* [Task instructions] Print out each entry below exactly; do not carry over any image.
Start of Given records
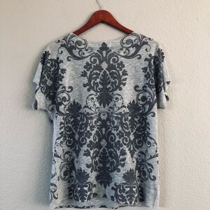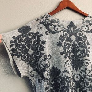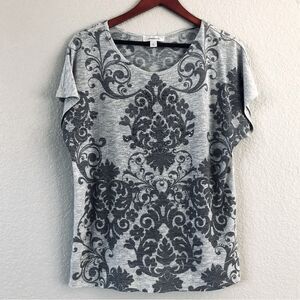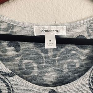 Women’s size medium Dress Barn gray metallic thread embellished bling studded top with loose fitting draped sleeves. Lightweight stretchy material. Barely worn and in like new condition, clean nonsmoking home.
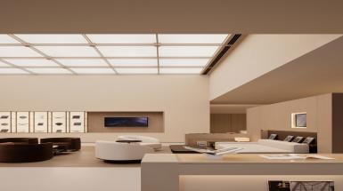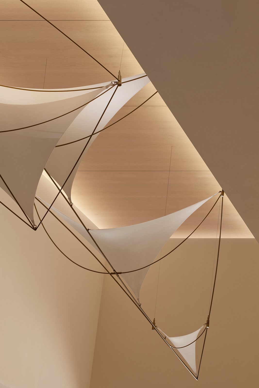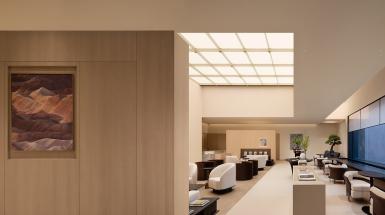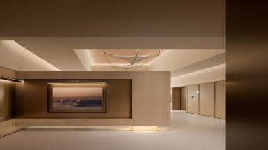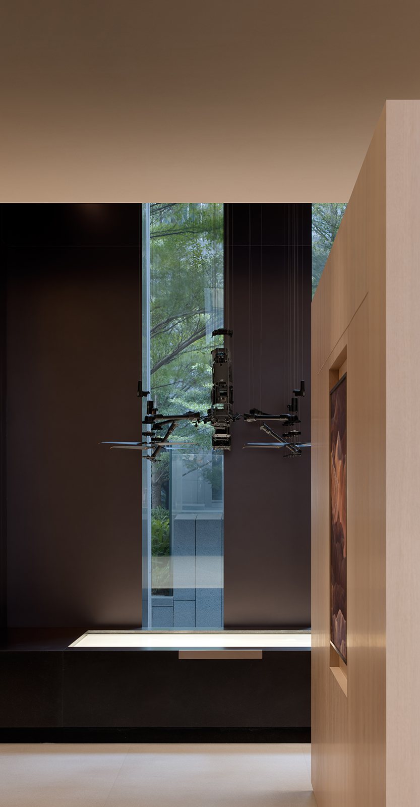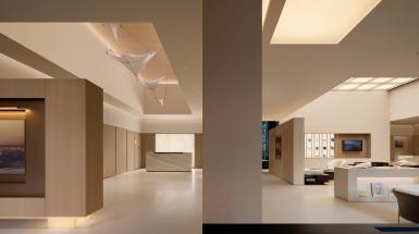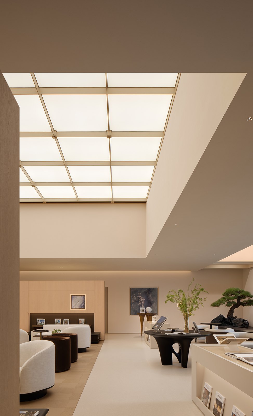 空间的节奏,蕴含着东方式的呼吸。在玻璃与钢铁的冷峻秩序间,悄然泊出一隅陶暖。入口的通道,是进入主厅前一次轻柔的屏息。随即,视野豁然开朗。目光所及,天花悬挂着从风筝意象中幻化而出的艺术装置,以极其轻盈的姿态悬浮,仿佛承载着人类对飞翔最原始的渴望与想象。这里,是空间的枢纽,也是思绪的转换之处——向左,通往沉浸式的产品世界;向右,步入可供休憩的心灵角落。
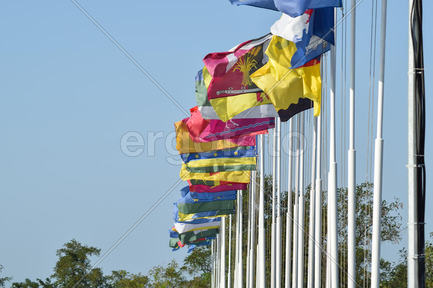 Russia, Ataman - 26 September 2015: A number of different flags with coats of arms and banners. Flags hanging in the Cossack village of Ataman.
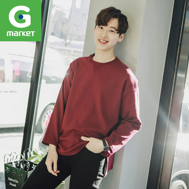 的热门产品韩国新品 男装[JOGUNSHOP]韩版宽松休闲圆领纯色简约长袖T恤
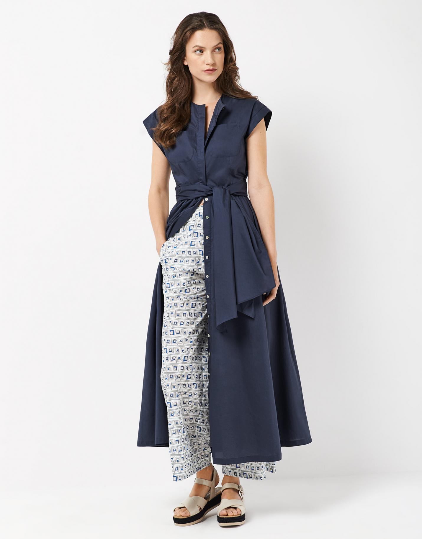 Vestidos Roberto Verino | Vestido Camisero Midi Con Lazada Azul Marino Mujer
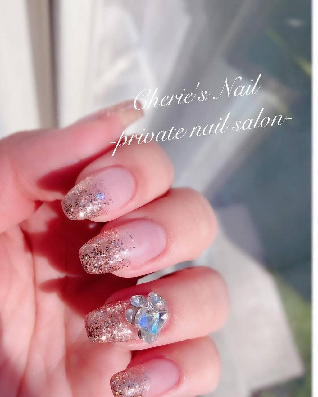 爪全体ではなく、ラメグラデーションにして抜け感を出すのがポイントです。
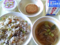 本日の給食は、6年生が家庭科の時間に考えた献立で、ご飯、牛乳、タンドリーチキン、きのこと野菜のソテー、わかめと玉ねぎのみそ汁でした。
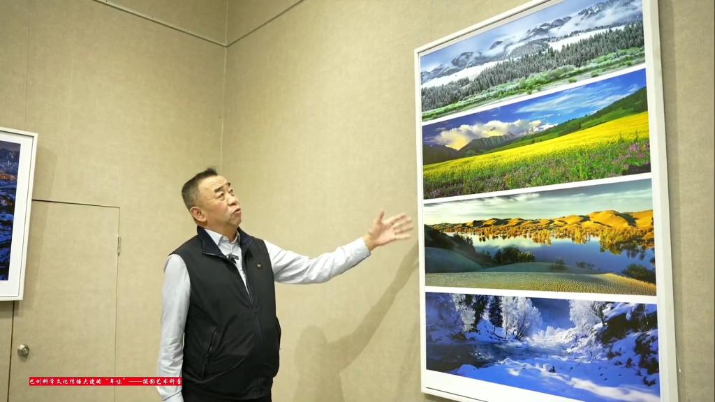 這幅作品圍繞“絲路山水 壯美巴州”為主題,展示了巴州四季變化之美,從鞏乃斯林場初春的雪景,到鞏乃斯阿爾先溝夏季的花海,再到尉犁縣葫蘆島胡楊林金黃的秋景,最后到鞏乃斯銀裝素裹的冬季。一年四季交替更迭,正是這些奇妙的變化,幻化出無處不在的美。巴州科學文化傳播大使、巴州攝影家協會主席馬立新講述著他的攝影故事。
End of Given records
* [Solution for this exercise]
 Women’s size medium Dress Barn gray metallic thread embellished bling studded top with loose fitting draped sleeves. Lightweight stretchy material. Barely worn and in like new condition, clean nonsmoking home.
 空间的节奏,蕴含着东方式的呼吸。在玻璃与钢铁的冷峻秩序间,悄然泊出一隅陶暖。入口的通道,是进入主厅前一次轻柔的屏息。随即,视野豁然开朗。目光所及,天花悬挂着从风筝意象中幻化而出的艺术装置,以极其轻盈的姿态悬浮,仿佛承载着人类对飞翔最原始的渴望与想象。这里,是空间的枢纽,也是思绪的转换之处——向左,通往沉浸式的产品世界;向右,步入可供休憩的心灵角落。
 Russia, Ataman - 26 September 2015: A number of different flags with coats of arms and banners. Flags hanging in the Cossack village of Ataman.
 的热门产品韩国新品 男装[JOGUNSHOP]韩版宽松休闲圆领纯色简约长袖T恤
 Vestidos Roberto Verino | Vestido Camisero Midi Con Lazada Azul Marino Mujer
 爪全体ではなく、ラメグラデーションにして抜け感を出すのがポイントです。
 本日の給食は、6年生が家庭科の時間に考えた献立で、ご飯、牛乳、タンドリーチキン、きのこと野菜のソテー、わかめと玉ねぎのみそ汁でした。
 這幅作品圍繞“絲路山水 壯美巴州”為主題,展示了巴州四季變化之美,從鞏乃斯林場初春的雪景,到鞏乃斯阿爾先溝夏季的花海,再到尉犁縣葫蘆島胡楊林金黃的秋景,最后到鞏乃斯銀裝素裹的冬季。一年四季交替更迭,正是這些奇妙的變化,幻化出無處不在的美。巴州科學文化傳播大使、巴州攝影家協會主席馬立新講述著他的攝影故事。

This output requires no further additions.